--- Source data ---

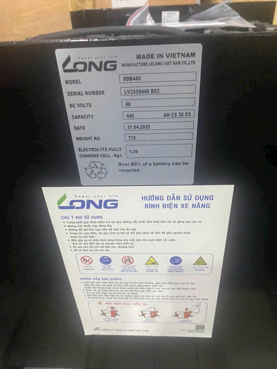 | Loại bình | Bình điện axit–chì cho xe nâng điện |
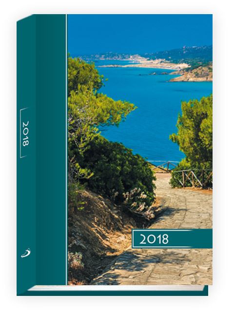 Terminarz na rok 2018, papier chamois, druk wnętrza w dwóch kolorach, perforowane narożniki kartek, tasiemka, każdy dzień na oddzielnej stronie, imieniny, święta, patron dnia, informacja o liturgii dnia, wschód-zachód słońca, fazy księżyca, myśl na każdy dzień, terminarz spotkań, miejsce na notatki, skrócone kalendarium miesiąca bieżącego, miejsce na adresy i telefony.
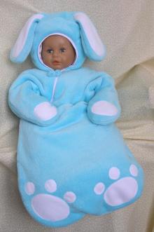 Зато купили уже в Москве голубой комбез-конверт в виде зайца....

---

**What you are asked to do:**
Pictures are to be left out; the rest of the listing should be printed exactly.

**Final answer:**
 | Loại bình | Bình điện axit–chì cho xe nâng điện |
 Terminarz na rok 2018, papier chamois, druk wnętrza w dwóch kolorach, perforowane narożniki kartek, tasiemka, każdy dzień na oddzielnej stronie, imieniny, święta, patron dnia, informacja o liturgii dnia, wschód-zachód słońca, fazy księżyca, myśl na każdy dzień, terminarz spotkań, miejsce na notatki, skrócone kalendarium miesiąca bieżącego, miejsce na adresy i telefony.
 Зато купили уже в Москве голубой комбез-конверт в виде зайца....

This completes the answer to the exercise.